High-performance requirements
| Priority | Solution |
|---|---|
| Stability | Create a dedicated virtual warehouse for high-performance requests. |
| Balance stability and cost | Route all requests through Serverless Computing, or enable Adaptive Serverless Computing. |
Latency-tolerant workloads
| Request pattern | Solution |
|---|---|
| Fixed (a role consistently accesses the same dashboard) | Configure manual throttling: run a stress test to determine the virtual warehouse's read capacity, then set a fixed concurrency limit for the query queue. See Create a query queue. |
| Variable (multiple dashboards accessed by different roles) | Enable automatic throttling. Hologres automatically adjusts the query queue's concurrency limit based on current workload. See Automatic throttling for query queues (beta). |
Challenge 6: Unexpected request surges
Problem: Sudden, unpredictable traffic spikes—for example, an unexpected surge of nighttime queries—cannot be anticipated by scheduled scaling. Serverless Computing alone cannot handle these surges because the users, tables, and SQL statements involved are unknown in advance.

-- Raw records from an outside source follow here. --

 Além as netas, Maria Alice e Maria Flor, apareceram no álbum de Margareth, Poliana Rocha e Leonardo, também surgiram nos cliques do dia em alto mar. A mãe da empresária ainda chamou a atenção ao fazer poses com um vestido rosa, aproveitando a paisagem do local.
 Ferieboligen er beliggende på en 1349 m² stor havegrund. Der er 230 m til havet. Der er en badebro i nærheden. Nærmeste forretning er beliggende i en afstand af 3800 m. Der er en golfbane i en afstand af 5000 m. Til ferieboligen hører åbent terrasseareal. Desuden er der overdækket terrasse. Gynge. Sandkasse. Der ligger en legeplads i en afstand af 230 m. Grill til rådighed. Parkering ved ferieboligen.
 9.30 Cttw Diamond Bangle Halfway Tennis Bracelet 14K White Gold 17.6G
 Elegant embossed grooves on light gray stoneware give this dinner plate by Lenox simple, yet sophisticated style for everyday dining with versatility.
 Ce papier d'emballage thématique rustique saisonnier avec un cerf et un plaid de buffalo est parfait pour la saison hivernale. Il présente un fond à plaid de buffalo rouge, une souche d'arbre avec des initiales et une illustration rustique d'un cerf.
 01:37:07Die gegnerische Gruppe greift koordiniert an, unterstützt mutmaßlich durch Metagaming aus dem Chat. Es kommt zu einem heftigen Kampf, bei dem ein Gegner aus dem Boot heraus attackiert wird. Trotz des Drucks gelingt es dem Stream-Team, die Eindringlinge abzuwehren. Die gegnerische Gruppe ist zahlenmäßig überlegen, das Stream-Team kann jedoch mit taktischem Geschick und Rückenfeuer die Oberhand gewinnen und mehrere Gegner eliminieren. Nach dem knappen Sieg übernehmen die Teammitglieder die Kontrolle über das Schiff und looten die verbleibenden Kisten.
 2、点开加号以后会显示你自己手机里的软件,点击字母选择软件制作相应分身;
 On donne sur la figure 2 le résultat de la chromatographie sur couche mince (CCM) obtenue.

Solution: Enable auto-scaling. Virtual warehouses automatically scale out during peak loads and scale in when demand subsides. See Multi-cluster and auto scaling (beta).
Advanced settings
Configure task priorities for Serverless Computing
When multiple services share Serverless Computing resources, set priorities at the user level to control which tasks run first under resource contention. See Set priorities for Serverless Computing tasks.
Example:
| User type | Priority | Behavior when resources are scarce |
|---|---|---|
| Roles with high performance requirements | 5 | Executed first |
| Batch ETL tasks | 1 | Wait in queue |
| All other tasks | 3 (default) | Standard scheduling |
Configure daily quotas for Serverless Computing
If multiple services use Serverless Computing, costs can be unpredictable. Set daily quotas at the instance level and per user to control costs. See Daily Usage Limit.
Enable high availability for read-only virtual warehouses
For read-only virtual warehouses that serve latency-sensitive workloads—especially online recommendation services—configure multiple shard-level replicas. If a query node fails, queries continue without data loss. See Concurrent queries with shard replicas.